--- Your goal ---
Output the entire listing that follows verbatim.

(Records provided Opens)

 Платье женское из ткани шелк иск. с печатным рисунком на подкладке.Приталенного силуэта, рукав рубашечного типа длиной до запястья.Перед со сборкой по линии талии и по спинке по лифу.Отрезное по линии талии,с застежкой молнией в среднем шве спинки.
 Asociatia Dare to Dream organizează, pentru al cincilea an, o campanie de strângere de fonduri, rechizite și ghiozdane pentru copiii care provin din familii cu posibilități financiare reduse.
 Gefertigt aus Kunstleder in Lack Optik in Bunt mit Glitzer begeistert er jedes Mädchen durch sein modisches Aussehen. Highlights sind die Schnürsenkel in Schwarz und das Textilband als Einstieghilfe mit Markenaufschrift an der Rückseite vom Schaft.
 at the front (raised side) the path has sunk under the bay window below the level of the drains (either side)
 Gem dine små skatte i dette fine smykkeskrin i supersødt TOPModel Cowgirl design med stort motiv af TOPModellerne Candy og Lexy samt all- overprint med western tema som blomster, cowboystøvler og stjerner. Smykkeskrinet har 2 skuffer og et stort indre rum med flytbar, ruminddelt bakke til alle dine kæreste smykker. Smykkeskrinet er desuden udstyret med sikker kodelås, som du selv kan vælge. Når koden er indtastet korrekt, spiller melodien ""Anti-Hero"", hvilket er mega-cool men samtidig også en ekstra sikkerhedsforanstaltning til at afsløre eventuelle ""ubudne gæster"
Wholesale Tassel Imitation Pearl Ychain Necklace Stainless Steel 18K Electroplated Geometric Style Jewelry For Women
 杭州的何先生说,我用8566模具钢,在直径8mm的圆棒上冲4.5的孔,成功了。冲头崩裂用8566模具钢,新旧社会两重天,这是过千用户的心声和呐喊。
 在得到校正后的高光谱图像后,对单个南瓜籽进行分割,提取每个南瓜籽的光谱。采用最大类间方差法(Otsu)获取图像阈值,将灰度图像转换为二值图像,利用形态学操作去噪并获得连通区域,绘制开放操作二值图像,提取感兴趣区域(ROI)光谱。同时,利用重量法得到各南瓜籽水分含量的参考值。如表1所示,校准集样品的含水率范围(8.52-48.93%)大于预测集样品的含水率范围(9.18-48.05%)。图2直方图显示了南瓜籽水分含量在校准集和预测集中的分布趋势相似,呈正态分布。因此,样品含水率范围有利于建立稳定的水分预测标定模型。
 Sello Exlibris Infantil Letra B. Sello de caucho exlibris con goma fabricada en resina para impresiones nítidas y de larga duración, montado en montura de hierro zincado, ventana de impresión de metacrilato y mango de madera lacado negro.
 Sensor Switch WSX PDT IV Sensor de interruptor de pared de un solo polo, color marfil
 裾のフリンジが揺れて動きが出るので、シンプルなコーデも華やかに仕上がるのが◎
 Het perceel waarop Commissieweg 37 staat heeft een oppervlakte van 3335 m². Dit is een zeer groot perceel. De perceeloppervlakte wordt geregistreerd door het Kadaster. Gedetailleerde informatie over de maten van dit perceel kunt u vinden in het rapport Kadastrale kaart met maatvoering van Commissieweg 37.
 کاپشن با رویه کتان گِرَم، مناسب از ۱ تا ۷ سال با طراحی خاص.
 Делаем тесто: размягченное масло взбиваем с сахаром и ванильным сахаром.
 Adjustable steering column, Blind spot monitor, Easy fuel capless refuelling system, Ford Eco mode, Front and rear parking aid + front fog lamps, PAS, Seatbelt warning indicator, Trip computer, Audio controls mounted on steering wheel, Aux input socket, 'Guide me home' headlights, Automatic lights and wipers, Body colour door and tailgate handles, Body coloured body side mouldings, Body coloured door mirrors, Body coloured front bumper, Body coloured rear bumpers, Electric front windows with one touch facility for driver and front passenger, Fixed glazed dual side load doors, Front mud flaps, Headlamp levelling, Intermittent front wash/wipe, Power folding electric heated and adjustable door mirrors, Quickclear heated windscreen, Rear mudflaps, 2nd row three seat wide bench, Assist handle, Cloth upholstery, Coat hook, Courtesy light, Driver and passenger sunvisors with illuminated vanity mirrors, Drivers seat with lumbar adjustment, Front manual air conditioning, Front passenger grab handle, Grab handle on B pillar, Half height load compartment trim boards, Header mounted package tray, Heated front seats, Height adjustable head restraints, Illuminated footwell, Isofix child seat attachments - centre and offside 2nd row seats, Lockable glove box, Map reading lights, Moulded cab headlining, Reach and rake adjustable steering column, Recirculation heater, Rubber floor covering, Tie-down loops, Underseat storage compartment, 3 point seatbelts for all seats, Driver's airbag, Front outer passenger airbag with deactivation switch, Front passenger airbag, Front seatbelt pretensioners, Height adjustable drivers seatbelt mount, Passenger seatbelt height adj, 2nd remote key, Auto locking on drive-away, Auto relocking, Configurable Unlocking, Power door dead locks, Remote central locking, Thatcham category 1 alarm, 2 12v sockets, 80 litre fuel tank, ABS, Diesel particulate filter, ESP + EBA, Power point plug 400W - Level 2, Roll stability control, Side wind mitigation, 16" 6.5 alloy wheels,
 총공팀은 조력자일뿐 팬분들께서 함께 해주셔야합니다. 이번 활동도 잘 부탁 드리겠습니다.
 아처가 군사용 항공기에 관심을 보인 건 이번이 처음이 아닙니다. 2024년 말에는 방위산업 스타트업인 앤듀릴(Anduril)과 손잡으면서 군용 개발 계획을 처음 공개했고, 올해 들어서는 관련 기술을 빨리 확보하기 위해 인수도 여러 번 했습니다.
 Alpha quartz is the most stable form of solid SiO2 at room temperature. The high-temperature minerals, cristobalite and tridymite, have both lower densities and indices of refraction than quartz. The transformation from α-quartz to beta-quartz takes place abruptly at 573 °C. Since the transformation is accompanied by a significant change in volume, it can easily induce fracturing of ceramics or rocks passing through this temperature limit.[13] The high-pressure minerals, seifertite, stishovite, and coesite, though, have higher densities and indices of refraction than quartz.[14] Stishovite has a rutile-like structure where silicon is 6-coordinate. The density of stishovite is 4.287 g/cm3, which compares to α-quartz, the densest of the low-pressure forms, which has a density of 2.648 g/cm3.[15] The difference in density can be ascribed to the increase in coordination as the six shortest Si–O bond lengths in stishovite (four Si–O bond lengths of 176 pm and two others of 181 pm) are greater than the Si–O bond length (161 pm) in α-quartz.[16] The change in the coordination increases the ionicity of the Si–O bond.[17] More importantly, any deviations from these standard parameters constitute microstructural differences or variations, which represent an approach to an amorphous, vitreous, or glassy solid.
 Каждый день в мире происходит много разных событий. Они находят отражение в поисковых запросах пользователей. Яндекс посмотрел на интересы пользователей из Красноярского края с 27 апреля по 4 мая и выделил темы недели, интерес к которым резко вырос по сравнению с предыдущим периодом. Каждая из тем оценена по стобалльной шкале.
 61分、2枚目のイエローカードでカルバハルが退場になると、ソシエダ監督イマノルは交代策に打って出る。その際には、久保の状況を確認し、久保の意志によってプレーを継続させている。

(Records provided Closes)

--- Answer ---
 Платье женское из ткани шелк иск. с печатным рисунком на подкладке.Приталенного силуэта, рукав рубашечного типа длиной до запястья.Перед со сборкой по линии талии и по спинке по лифу.Отрезное по линии талии,с застежкой молнией в среднем шве спинки.
 Asociatia Dare to Dream organizează, pentru al cincilea an, o campanie de strângere de fonduri, rechizite și ghiozdane pentru copiii care provin din familii cu posibilități financiare reduse.
 Gefertigt aus Kunstleder in Lack Optik in Bunt mit Glitzer begeistert er jedes Mädchen durch sein modisches Aussehen. Highlights sind die Schnürsenkel in Schwarz und das Textilband als Einstieghilfe mit Markenaufschrift an der Rückseite vom Schaft.
 at the front (raised side) the path has sunk under the bay window below the level of the drains (either side)
 Gem dine små skatte i dette fine smykkeskrin i supersødt TOPModel Cowgirl design med stort motiv af TOPModellerne Candy og Lexy samt all- overprint med western tema som blomster, cowboystøvler og stjerner. Smykkeskrinet har 2 skuffer og et stort indre rum med flytbar, ruminddelt bakke til alle dine kæreste smykker. Smykkeskrinet er desuden udstyret med sikker kodelås, som du selv kan vælge. Når koden er indtastet korrekt, spiller melodien ""Anti-Hero"", hvilket er mega-cool men samtidig også en ekstra sikkerhedsforanstaltning til at afsløre eventuelle ""ubudne gæster"
Wholesale Tassel Imitation Pearl Ychain Necklace Stainless Steel 18K Electroplated Geometric Style Jewelry For Women
 杭州的何先生说,我用8566模具钢,在直径8mm的圆棒上冲4.5的孔,成功了。冲头崩裂用8566模具钢,新旧社会两重天,这是过千用户的心声和呐喊。
 在得到校正后的高光谱图像后,对单个南瓜籽进行分割,提取每个南瓜籽的光谱。采用最大类间方差法(Otsu)获取图像阈值,将灰度图像转换为二值图像,利用形态学操作去噪并获得连通区域,绘制开放操作二值图像,提取感兴趣区域(ROI)光谱。同时,利用重量法得到各南瓜籽水分含量的参考值。如表1所示,校准集样品的含水率范围(8.52-48.93%)大于预测集样品的含水率范围(9.18-48.05%)。图2直方图显示了南瓜籽水分含量在校准集和预测集中的分布趋势相似,呈正态分布。因此,样品含水率范围有利于建立稳定的水分预测标定模型。
 Sello Exlibris Infantil Letra B. Sello de caucho exlibris con goma fabricada en resina para impresiones nítidas y de larga duración, montado en montura de hierro zincado, ventana de impresión de metacrilato y mango de madera lacado negro.
 Sensor Switch WSX PDT IV Sensor de interruptor de pared de un solo polo, color marfil
 裾のフリンジが揺れて動きが出るので、シンプルなコーデも華やかに仕上がるのが◎
 Het perceel waarop Commissieweg 37 staat heeft een oppervlakte van 3335 m². Dit is een zeer groot perceel. De perceeloppervlakte wordt geregistreerd door het Kadaster. Gedetailleerde informatie over de maten van dit perceel kunt u vinden in het rapport Kadastrale kaart met maatvoering van Commissieweg 37.
 کاپشن با رویه کتان گِرَم، مناسب از ۱ تا ۷ سال با طراحی خاص.
 Делаем тесто: размягченное масло взбиваем с сахаром и ванильным сахаром.
 Adjustable steering column, Blind spot monitor, Easy fuel capless refuelling system, Ford Eco mode, Front and rear parking aid + front fog lamps, PAS, Seatbelt warning indicator, Trip computer, Audio controls mounted on steering wheel, Aux input socket, 'Guide me home' headlights, Automatic lights and wipers, Body colour door and tailgate handles, Body coloured body side mouldings, Body coloured door mirrors, Body coloured front bumper, Body coloured rear bumpers, Electric front windows with one touch facility for driver and front passenger, Fixed glazed dual side load doors, Front mud flaps, Headlamp levelling, Intermittent front wash/wipe, Power folding electric heated and adjustable door mirrors, Quickclear heated windscreen, Rear mudflaps, 2nd row three seat wide bench, Assist handle, Cloth upholstery, Coat hook, Courtesy light, Driver and passenger sunvisors with illuminated vanity mirrors, Drivers seat with lumbar adjustment, Front manual air conditioning, Front passenger grab handle, Grab handle on B pillar, Half height load compartment trim boards, Header mounted package tray, Heated front seats, Height adjustable head restraints, Illuminated footwell, Isofix child seat attachments - centre and offside 2nd row seats, Lockable glove box, Map reading lights, Moulded cab headlining, Reach and rake adjustable steering column, Recirculation heater, Rubber floor covering, Tie-down loops, Underseat storage compartment, 3 point seatbelts for all seats, Driver's airbag, Front outer passenger airbag with deactivation switch, Front passenger airbag, Front seatbelt pretensioners, Height adjustable drivers seatbelt mount, Passenger seatbelt height adj, 2nd remote key, Auto locking on drive-away, Auto relocking, Configurable Unlocking, Power door dead locks, Remote central locking, Thatcham category 1 alarm, 2 12v sockets, 80 litre fuel tank, ABS, Diesel particulate filter, ESP + EBA, Power point plug 400W - Level 2, Roll stability control, Side wind mitigation, 16" 6.5 alloy wheels,
 총공팀은 조력자일뿐 팬분들께서 함께 해주셔야합니다. 이번 활동도 잘 부탁 드리겠습니다.
 아처가 군사용 항공기에 관심을 보인 건 이번이 처음이 아닙니다. 2024년 말에는 방위산업 스타트업인 앤듀릴(Anduril)과 손잡으면서 군용 개발 계획을 처음 공개했고, 올해 들어서는 관련 기술을 빨리 확보하기 위해 인수도 여러 번 했습니다.
 Alpha quartz is the most stable form of solid SiO2 at room temperature. The high-temperature minerals, cristobalite and tridymite, have both lower densities and indices of refraction than quartz. The transformation from α-quartz to beta-quartz takes place abruptly at 573 °C. Since the transformation is accompanied by a significant change in volume, it can easily induce fracturing of ceramics or rocks passing through this temperature limit.[13] The high-pressure minerals, seifertite, stishovite, and coesite, though, have higher densities and indices of refraction than quartz.[14] Stishovite has a rutile-like structure where silicon is 6-coordinate. The density of stishovite is 4.287 g/cm3, which compares to α-quartz, the densest of the low-pressure forms, which has a density of 2.648 g/cm3.[15] The difference in density can be ascribed to the increase in coordination as the six shortest Si–O bond lengths in stishovite (four Si–O bond lengths of 176 pm and two others of 181 pm) are greater than the Si–O bond length (161 pm) in α-quartz.[16] The change in the coordination increases the ionicity of the Si–O bond.[17] More importantly, any deviations from these standard parameters constitute microstructural differences or variations, which represent an approach to an amorphous, vitreous, or glassy solid.
 Каждый день в мире происходит много разных событий. Они находят отражение в поисковых запросах пользователей. Яндекс посмотрел на интересы пользователей из Красноярского края с 27 апреля по 4 мая и выделил темы недели, интерес к которым резко вырос по сравнению с предыдущим периодом. Каждая из тем оценена по стобалльной шкале.
 61分、2枚目のイエローカードでカルバハルが退場になると、ソシエダ監督イマノルは交代策に打って出る。その際には、久保の状況を確認し、久保の意志によってプレーを継続させている。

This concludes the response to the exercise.